## Task description
Exact copy, pictures excluded: please retype the lines from the start of the material through the line containing "belt sheath. Boxed.", both ends included, and nothing more.

━━━━━━━━━━━━━━━━━━━━

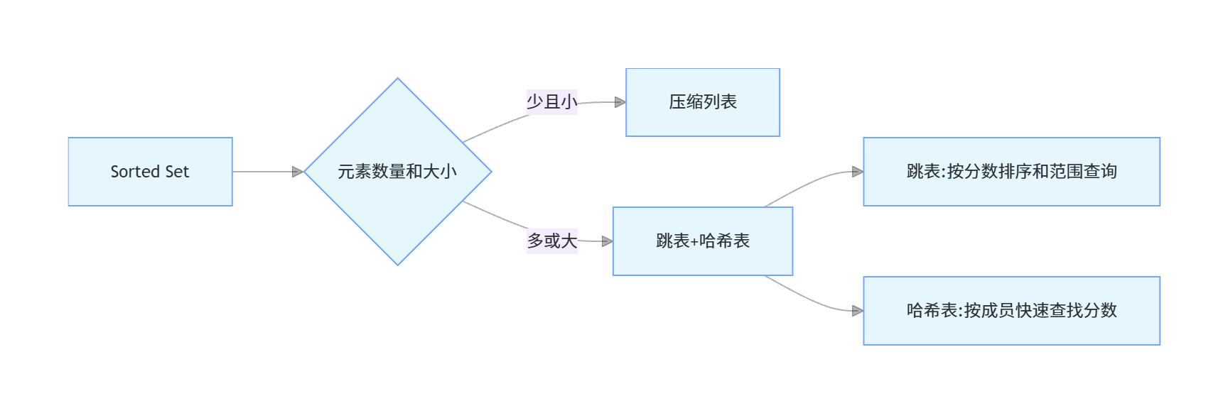 - Sorted Set:适合实现排行榜、延迟队列、范围查询等
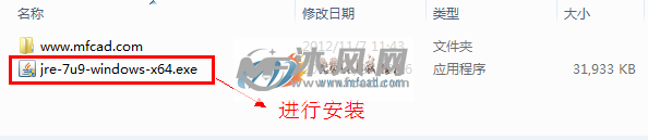 [size=0.7]首先打开 java_ WIN7_X64虚拟机文件夹,然后安装 jre-7u9-windows-64 文件,双击进行安装,如图:
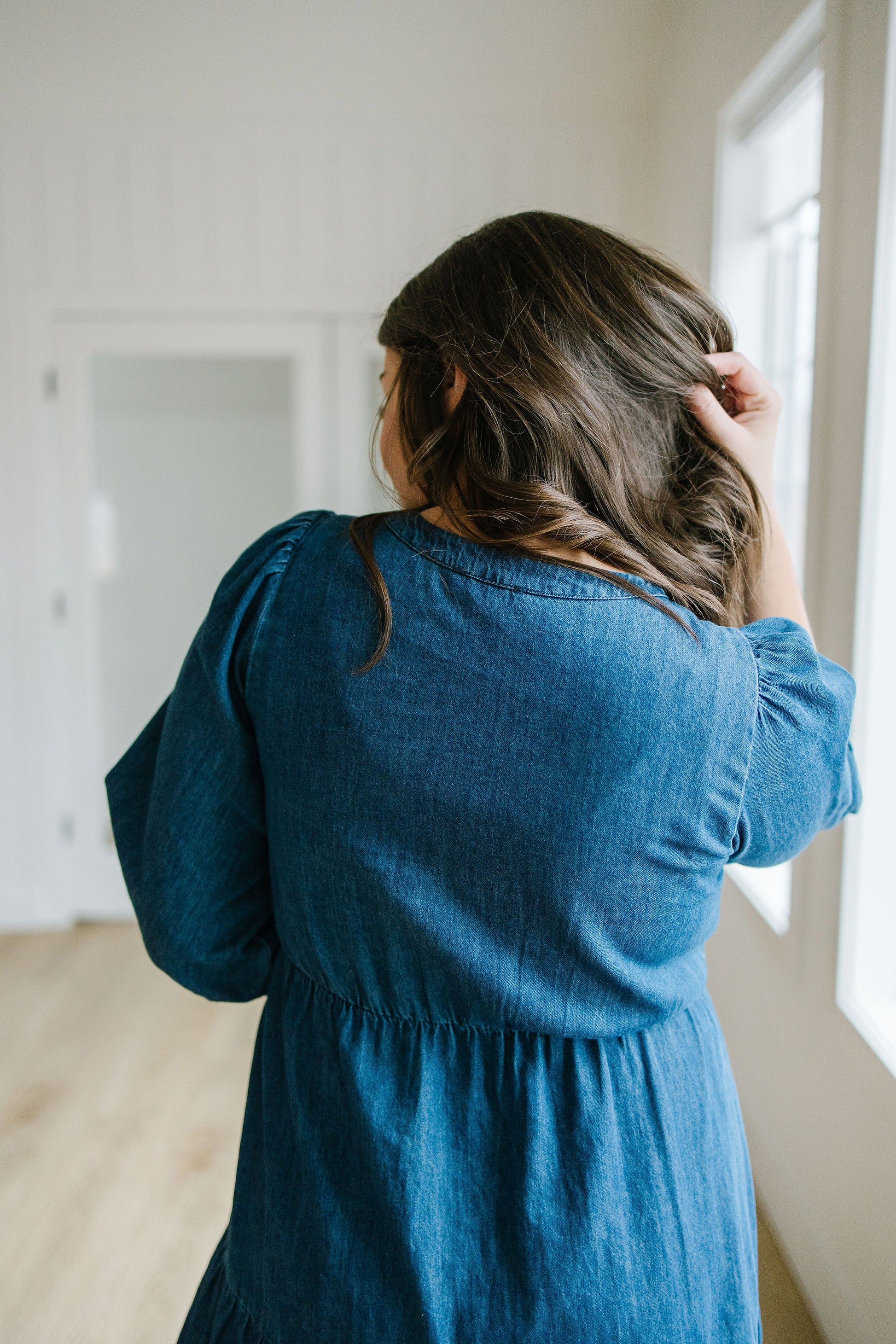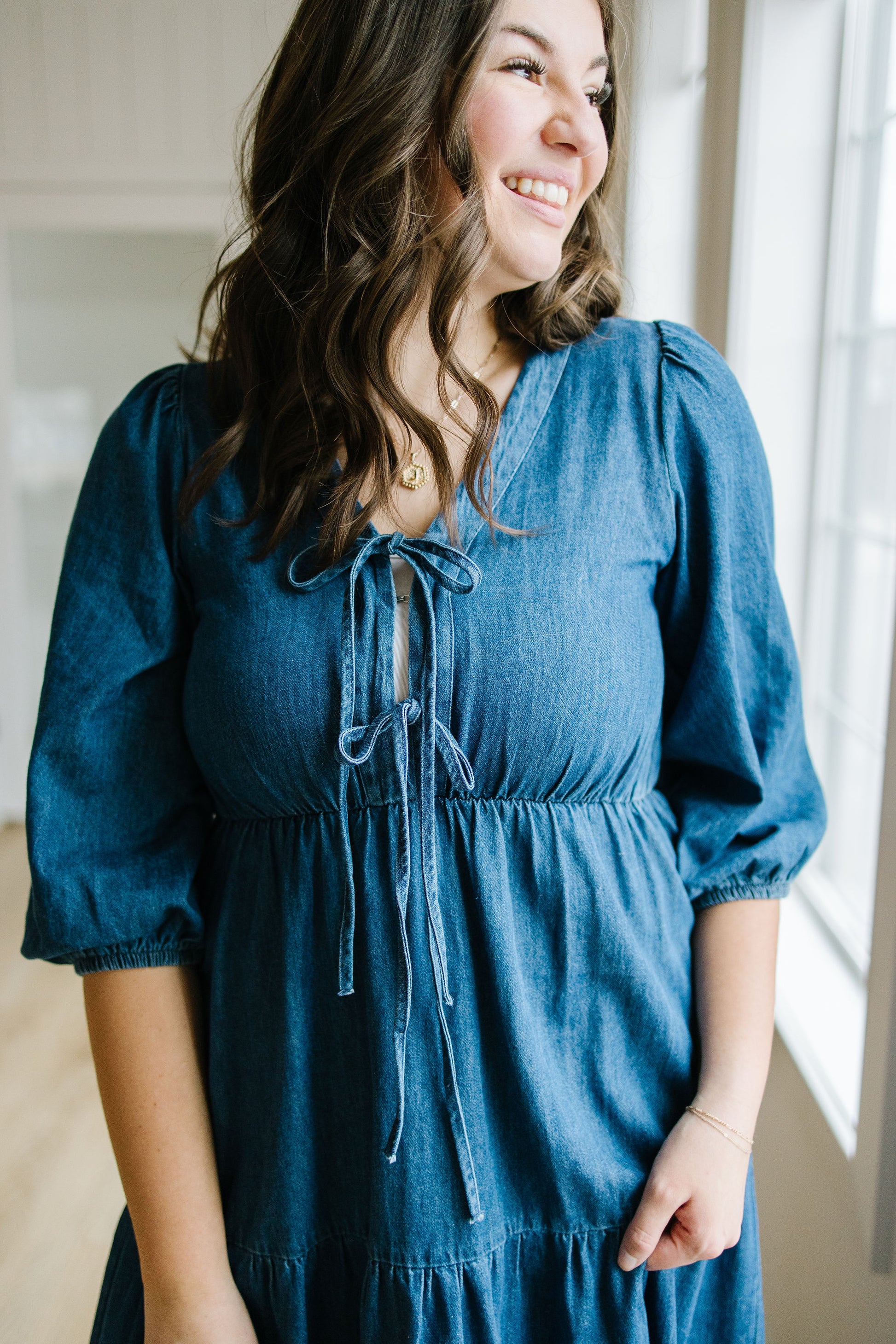 Tiered denim midi dress featuring a flattering double-tie front. Designed with breathable 3/4 sleeves and a flowy silhouette.
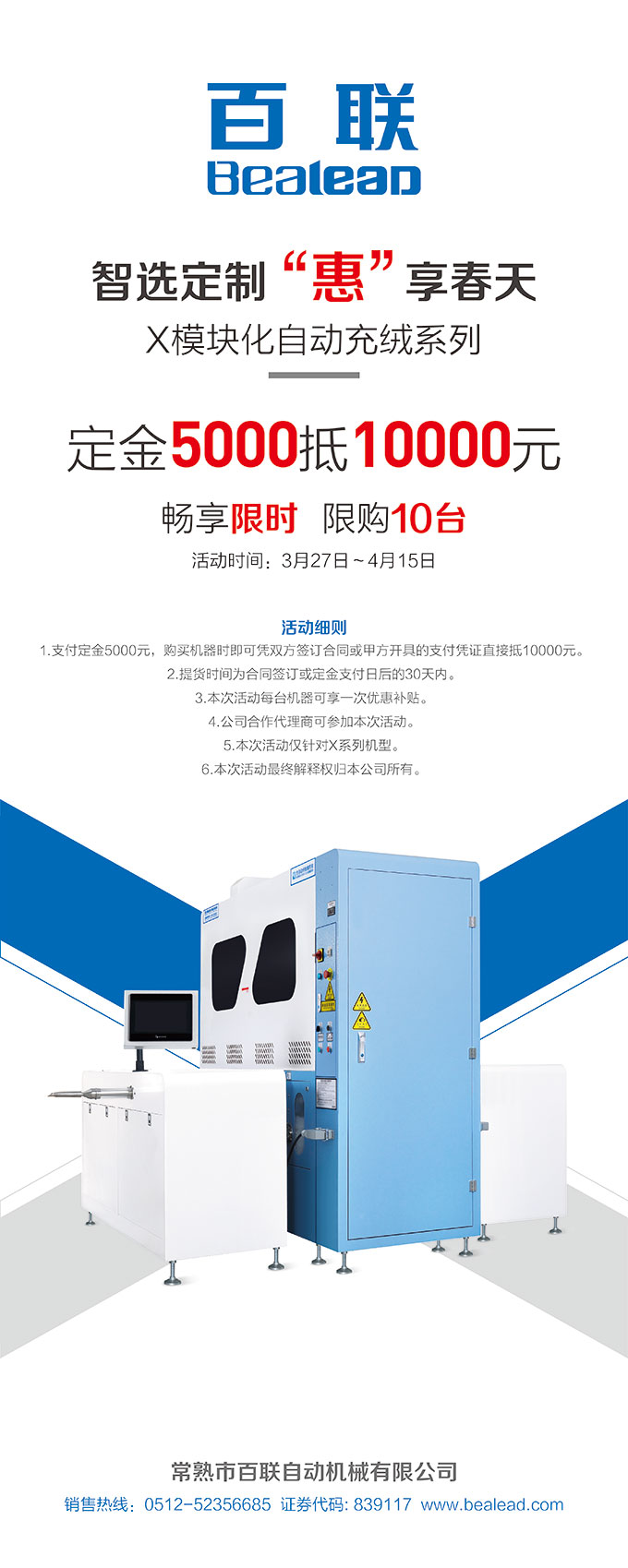 百聯(lián)專門推出了針對X模塊化自動充絨系列產品的限時優(yōu)惠購機方案,即每臺機器均可享受一次“定金5000抵10000元”的優(yōu)惠購機補貼。對此,現(xiàn)場反應熱烈。
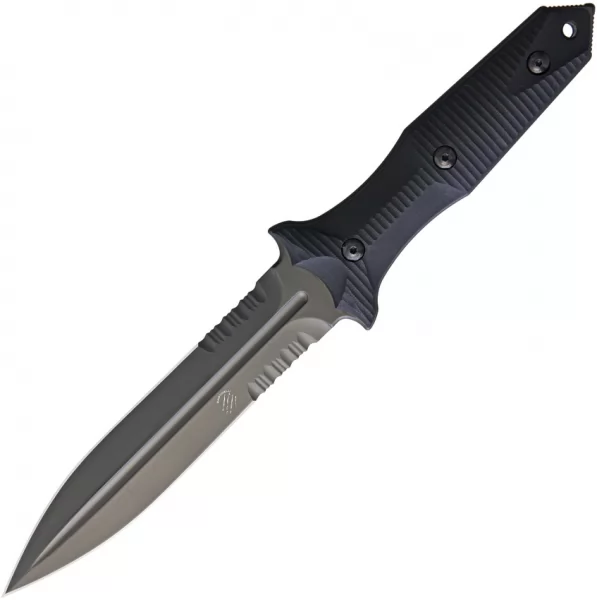 11" overall. 6" black PVD coated partially serrated Bohler N690 stainless spear point blade. Black G10 handle. Full, extended tang. Lanyard hole. Double edge blade. Black Kydex belt sheath. Boxed.
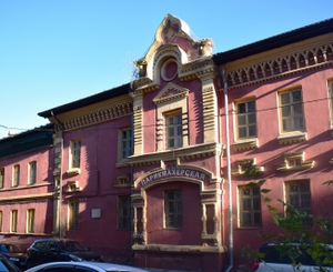 В основе архитектуры здания – русский стиль, благодаря которому оно похоже на теремок. Окна обрамлены фигурными наличниками, и кажется, что оттуда красотами города любуется юная царевна. Сквозь окна проходит поясная арка, которая на третьем этаже украшена цветочным орнаментом. А карниз щедро усыпан резной вязью. Яркие плиточные вставки с витыми, отзеркаленными элементами придают зданию дух Востока. Несмотря на их небольшой размер, они притягивают взгляды многих прохожих. Русский стиль соседствует с готикой, которую можно разглядеть в «рогатых» фронтонах с башенками.

━━━━━━━━━━━━━━━━━━━━

## Exercise response
 - Sorted Set:适合实现排行榜、延迟队列、范围查询等
 [size=0.7]首先打开 java_ WIN7_X64虚拟机文件夹,然后安装 jre-7u9-windows-64 文件,双击进行安装,如图:
 Tiered denim midi dress featuring a flattering double-tie front. Designed with breathable 3/4 sleeves and a flowy silhouette.
 百聯(lián)專門推出了針對X模塊化自動充絨系列產品的限時優(yōu)惠購機方案,即每臺機器均可享受一次“定金5000抵10000元”的優(yōu)惠購機補貼。對此,現(xiàn)場反應熱烈。
 11" overall. 6" black PVD coated partially serrated Bohler N690 stainless spear point blade. Black G10 handle. Full, extended tang. Lanyard hole. Double edge blade. Black Kydex belt sheath. Boxed.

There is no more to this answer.